By the time Na⁺ channels have recovered from inactivation and K⁺ channels have closed, the action potential will have moved a distance away from this part of the axon membrane such that the local currents that spread back (and the depolarisation they cause) will not be big enough to reach threshold. This ensures that in response to a single stimulus an action potential only propagates in one direction—down, not up, the axon. Another action potential can only be generated by further stimulation after an interval determined by Na⁺ channel inactivation and relatively slow K⁺ channel closure. Therefore, these properties also tightly govern the maximum frequency at which an axon can generate action potentials.

It is worth noting, however, that if the stimulus that triggers the action potential occurs at the axon terminals then an action potential will propagate towards the cell body. We might do this experimentally in which case we would call it an “antidromic” action potential. Also, sensory nerves with specialised axon terminals that act as sensory receptors in the skin propagate action potentials towards, rather than away from, the cell body, but again only in one direction. Thus, the properties of the channels that mediate the action potential do not confer a direction of propagation on the axon per se but do ensure that an action potential only propagates away from the stimulus source.

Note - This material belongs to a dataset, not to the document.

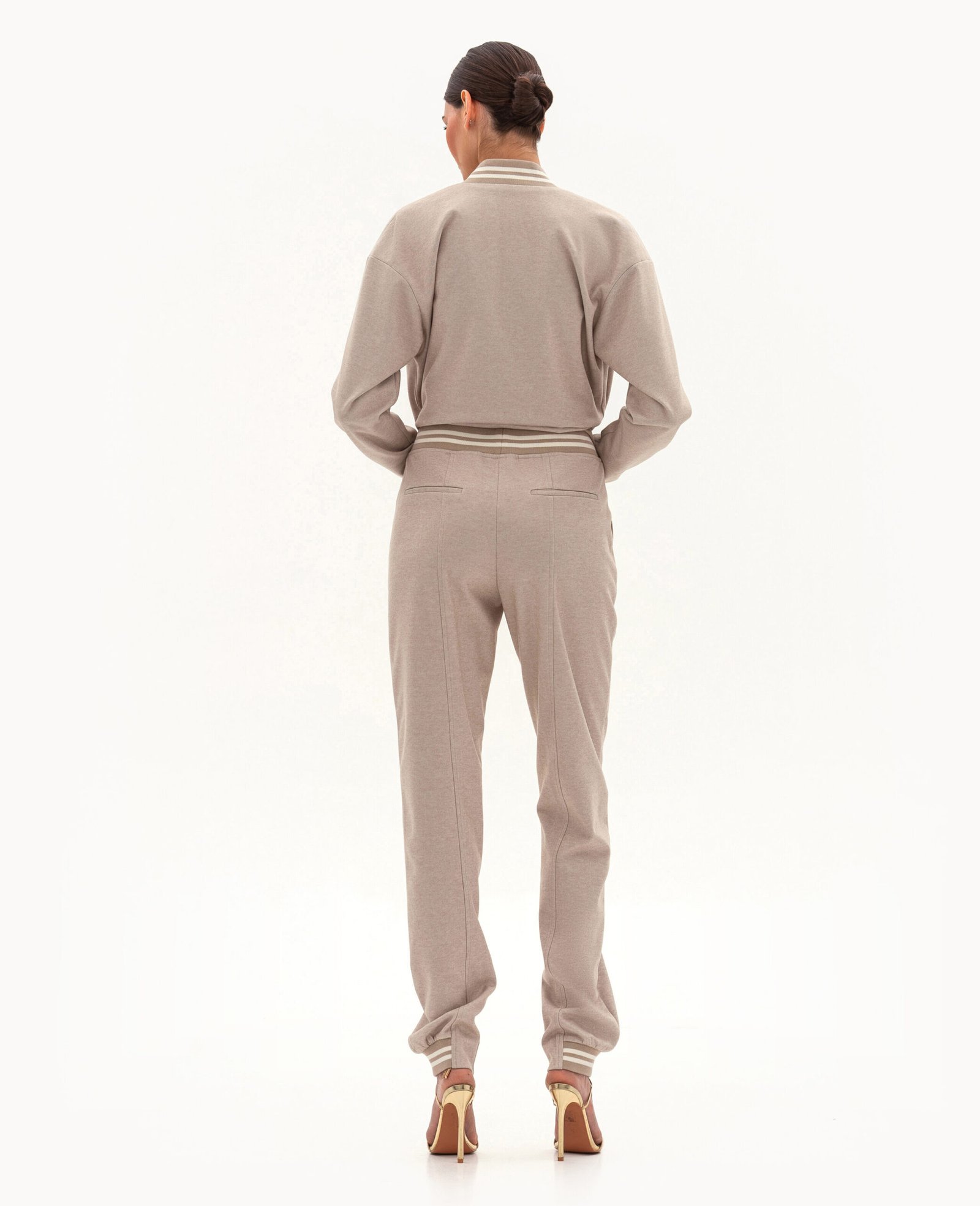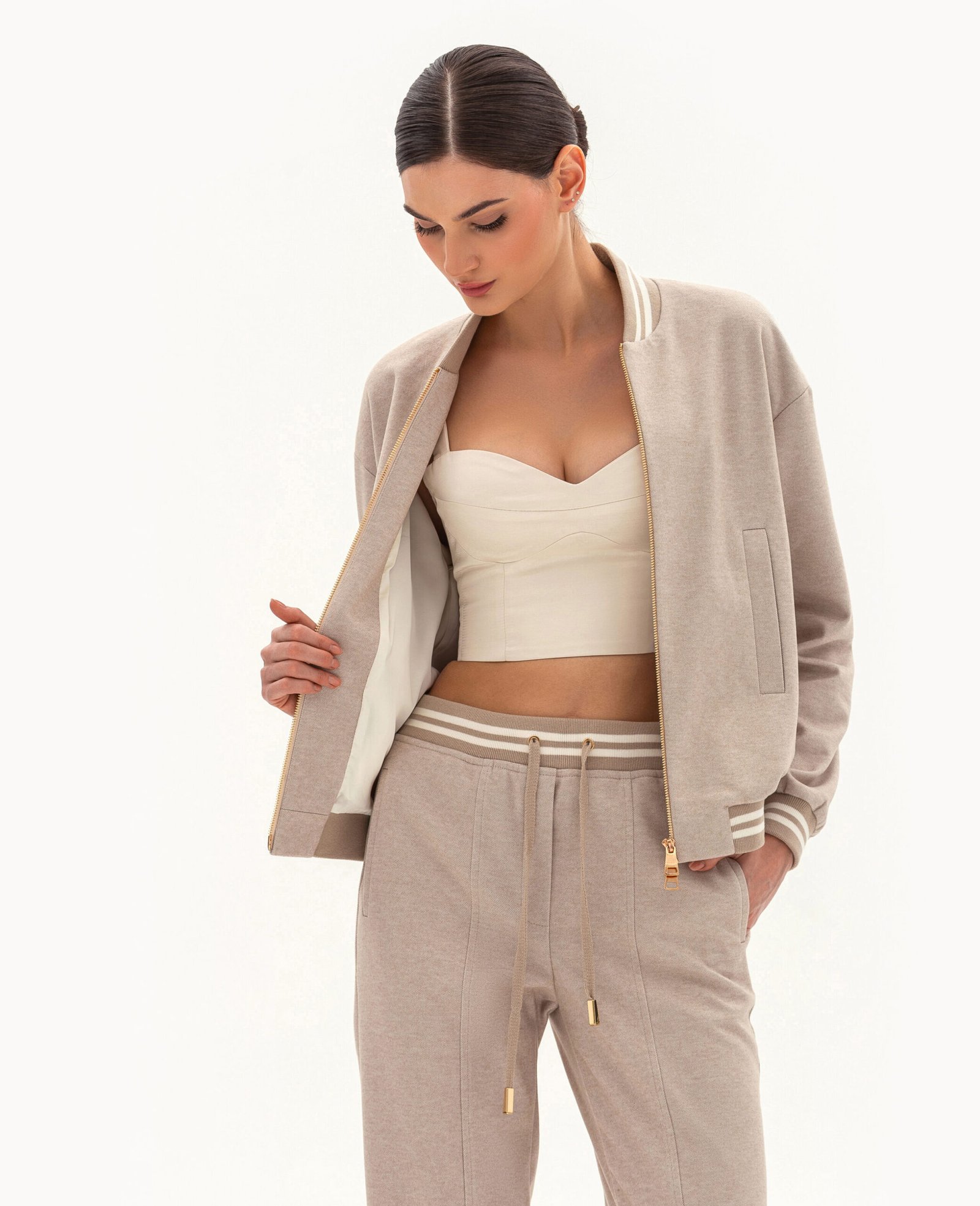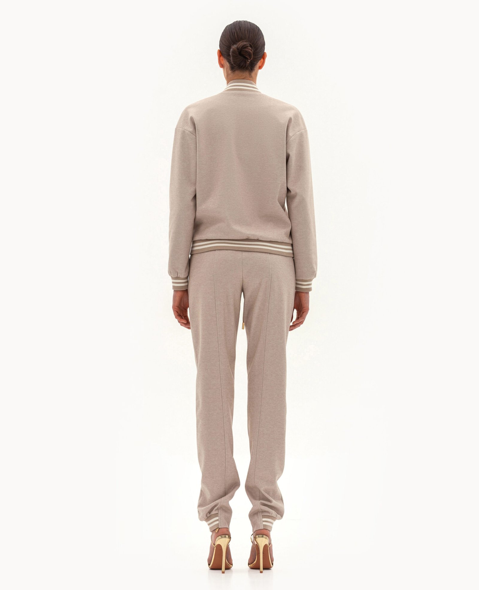 Вигляд виробу: комплект - zip-худі та штани в стилі sport glam із щільного, теплого, м'якого полотна, декорований металевою фурнітурою та контрастними в'язаними манжетами.

WHAT HAPPENS WHEN THINGS GO WRONG?

Action potentials are fundamental for neuronal communication, their frequency and pattern being the code for information transfer throughout the nervous system. There are 10 distinct types of mammalian Na⁺ channel and more than 90 K⁺ channel types, each with subtly different properties. Different neuronal types have different channel combinations, therefore, the frequencies at which they conduct action potentials vary greatly. In the peripheral nervous system sensory neurons conduct action potentials at frequencies between 1 and 20/second. In the central nervous system, there are many examples of neuronal types coding action potentials at these frequencies but there are others that can generate must faster bursts of action potentials. For example, the Purkinje cells of the cerebellum can generate action potentials up to 200/second while some neurons in the hippocampus, thalamus and cortex can produce action potential bursts of up to 300/second. It is not surprising then that disrupting the mechanisms that underlie this signalling system can have disastrous consequences. In several forms of epilepsy the characteristic hyperexcitability of neurons that mediates seizure activity can be attributed to mutations that alter the normal function of voltage-sensitive Na⁺ or K⁺ channels (see Ashcroft for review).³ In a similar way, changes in sensory neuron excitability associated with some chronic pain states may be attributable to changes in voltage-sensitive ion channel function. Finally, the symptoms associated with multiple sclerosis are linked to impaired action potential propagation caused by a disruption of axon myelination.

Thus, the mechanisms first described over 60 years ago remain vital to our continued progress in the understanding of a range of nervous system disorders.